EXERCISE DESCRIPTION
Print the records below exactly, and do not carry over any picture.

INFORMATION PROVIDED
○ ○ ○ ○

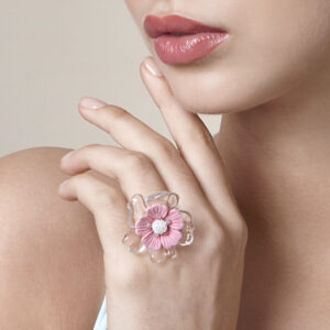 Anillo petunia bordado a mano con cuentas de cristal en forma de corazón. Realizado en base de filigrana enchapada en oro.
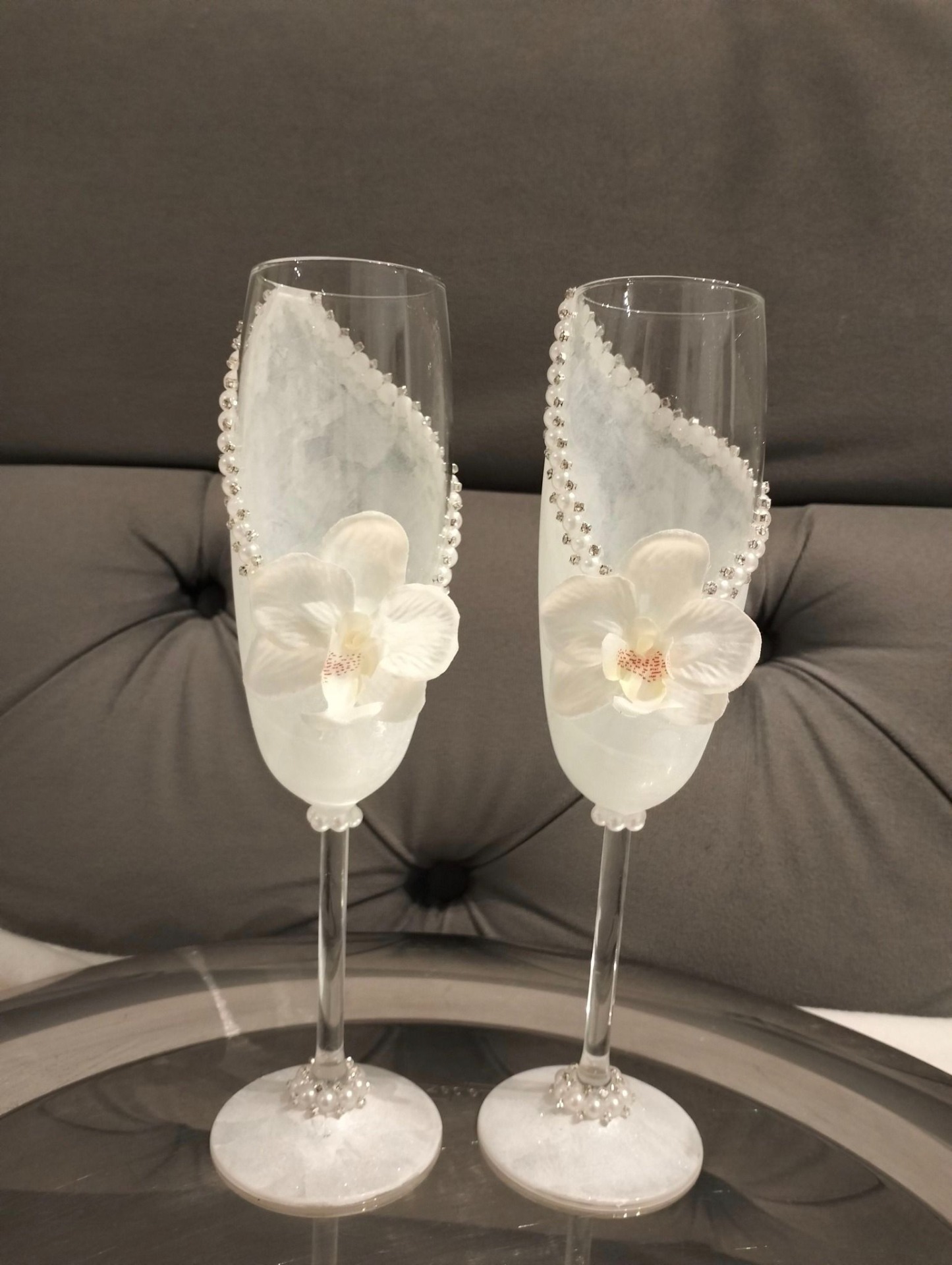 Paharele sunt decorate cu un design alb-lăptos special, completat de perle fine și accente strălucitoare. Elementul central este floarea de orhidee realizată manual, care oferă un aspect exclusiv și romantic.
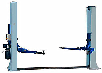 雙柱式舉升機(jī)屬于一種特殊液壓升降機(jī),有對稱式和非對稱式兩種。對稱式舉升機(jī)四根臂的臂長大致相等,這樣使得汽車中心(或質(zhì)心)處于立柱的中間位置,對于皮卡和箱式貨車等類型的汽車的日常維修來說這種對稱式舉升機(jī)可能是很好的選擇。但是對于一些柱間寬度不夠大的對稱式雙柱式舉升機(jī)來說,汽車舉升后不能打開車門是一個(gè)很大的缺點(diǎn)。非對稱式舉升機(jī)的立柱向后旋轉(zhuǎn)了一個(gè)角度(大約30°),并且前臂比后臂稍微短一些。當(dāng)把汽車停放到這種非對稱式的舉升機(jī)適當(dāng)位置時(shí),車的位置就向后移動了一些,因此,我們就很容易地從車門進(jìn)出。而且,這種非對稱式舉升機(jī)轉(zhuǎn)動的立柱,可以確保車輛的重心安全地定位在立柱之間。
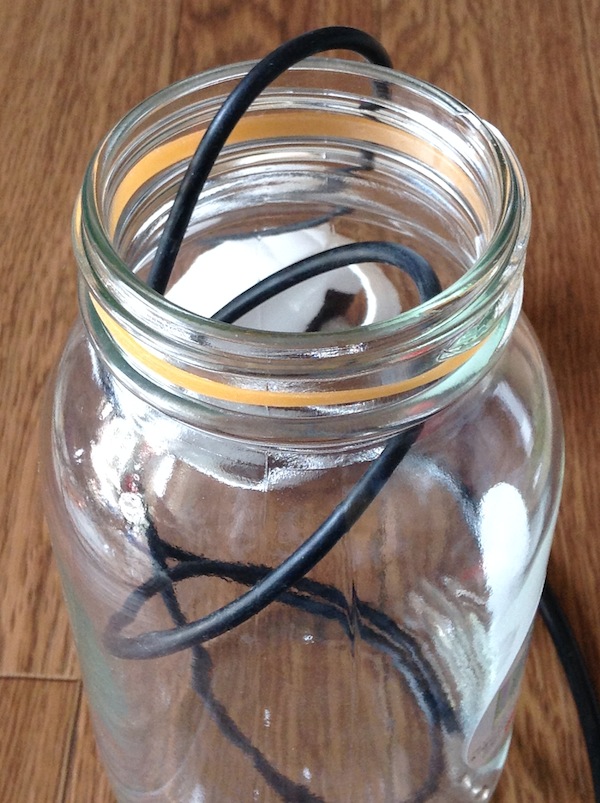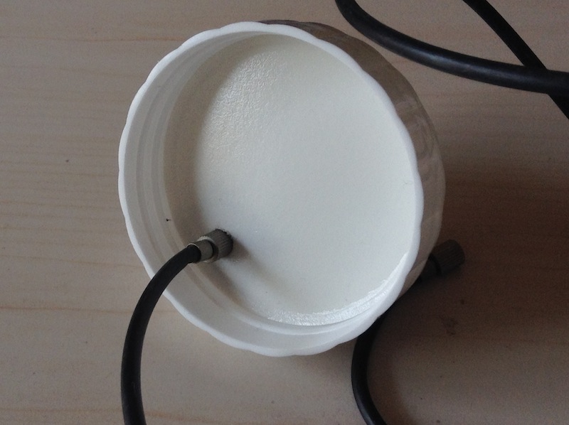 そのまま蓋を付けてもエア漏れがしたので、瓶の口に輪ゴムを巻きました。テープを貼って目止めとかしてみましたが、この方法が一番密閉度が高かったです。とはいえ、多少漏れますし、ちゃんとしたタンクではないので、あまり圧力がかかるのもおっかないので、このままにしておきます。
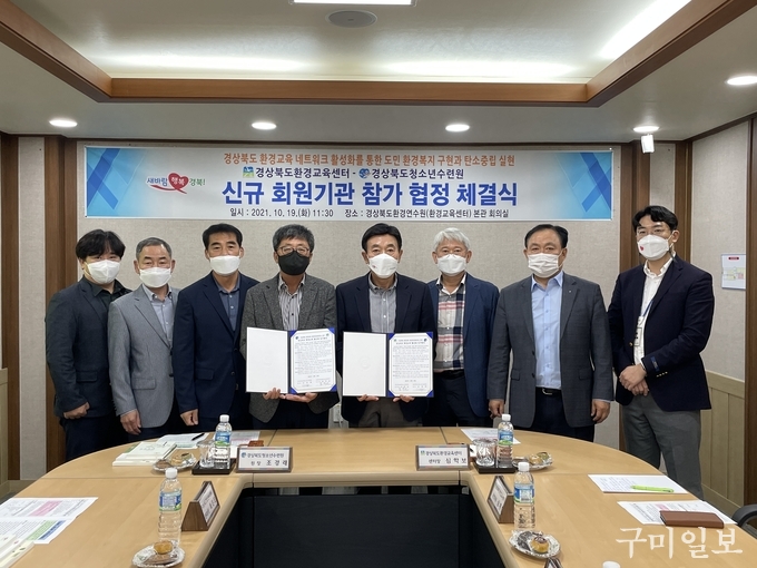 경상북도환경연수원(원장 심학보)에서 운영 중인 경상북도환경교육센터는 경상북도청소년수련원(원장 조경래)의 경상북도 환경교육 네트워크(GBEEN) 참가협정을 10월 19일(화) 오전 11시 30분 경상북도환경연수원에서 체결했다.
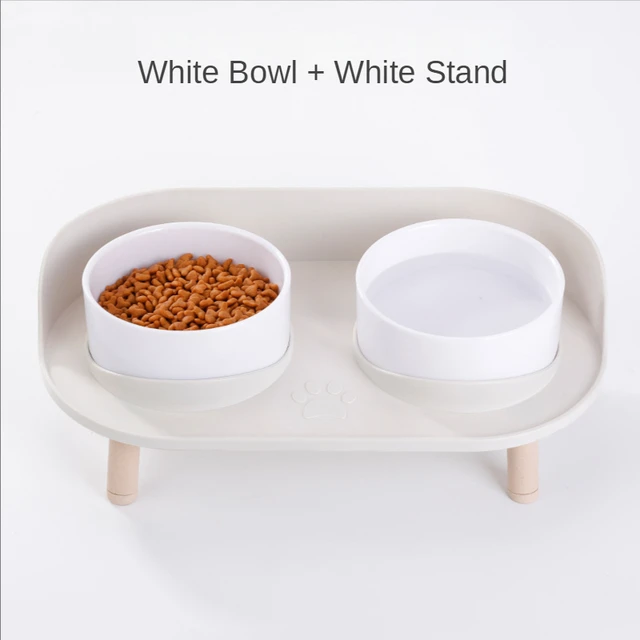 Cat Bowl Pet Double Bowls Feeder Waterer Kitten Dry Food Fruit Bowl Adjustable Height Elevated Puppy Drinker Prevent Overturning

○ ○ ○ ○

OUTPUT OF THE EXERCISE
 Anillo petunia bordado a mano con cuentas de cristal en forma de corazón. Realizado en base de filigrana enchapada en oro.
 Paharele sunt decorate cu un design alb-lăptos special, completat de perle fine și accente strălucitoare. Elementul central este floarea de orhidee realizată manual, care oferă un aspect exclusiv și romantic.
 雙柱式舉升機(jī)屬于一種特殊液壓升降機(jī),有對稱式和非對稱式兩種。對稱式舉升機(jī)四根臂的臂長大致相等,這樣使得汽車中心(或質(zhì)心)處于立柱的中間位置,對于皮卡和箱式貨車等類型的汽車的日常維修來說這種對稱式舉升機(jī)可能是很好的選擇。但是對于一些柱間寬度不夠大的對稱式雙柱式舉升機(jī)來說,汽車舉升后不能打開車門是一個(gè)很大的缺點(diǎn)。非對稱式舉升機(jī)的立柱向后旋轉(zhuǎn)了一個(gè)角度(大約30°),并且前臂比后臂稍微短一些。當(dāng)把汽車停放到這種非對稱式的舉升機(jī)適當(dāng)位置時(shí),車的位置就向后移動了一些,因此,我們就很容易地從車門進(jìn)出。而且,這種非對稱式舉升機(jī)轉(zhuǎn)動的立柱,可以確保車輛的重心安全地定位在立柱之間。
 そのまま蓋を付けてもエア漏れがしたので、瓶の口に輪ゴムを巻きました。テープを貼って目止めとかしてみましたが、この方法が一番密閉度が高かったです。とはいえ、多少漏れますし、ちゃんとしたタンクではないので、あまり圧力がかかるのもおっかないので、このままにしておきます。
 경상북도환경연수원(원장 심학보)에서 운영 중인 경상북도환경교육센터는 경상북도청소년수련원(원장 조경래)의 경상북도 환경교육 네트워크(GBEEN) 참가협정을 10월 19일(화) 오전 11시 30분 경상북도환경연수원에서 체결했다.
 Cat Bowl Pet Double Bowls Feeder Waterer Kitten Dry Food Fruit Bowl Adjustable Height Elevated Puppy Drinker Prevent Overturning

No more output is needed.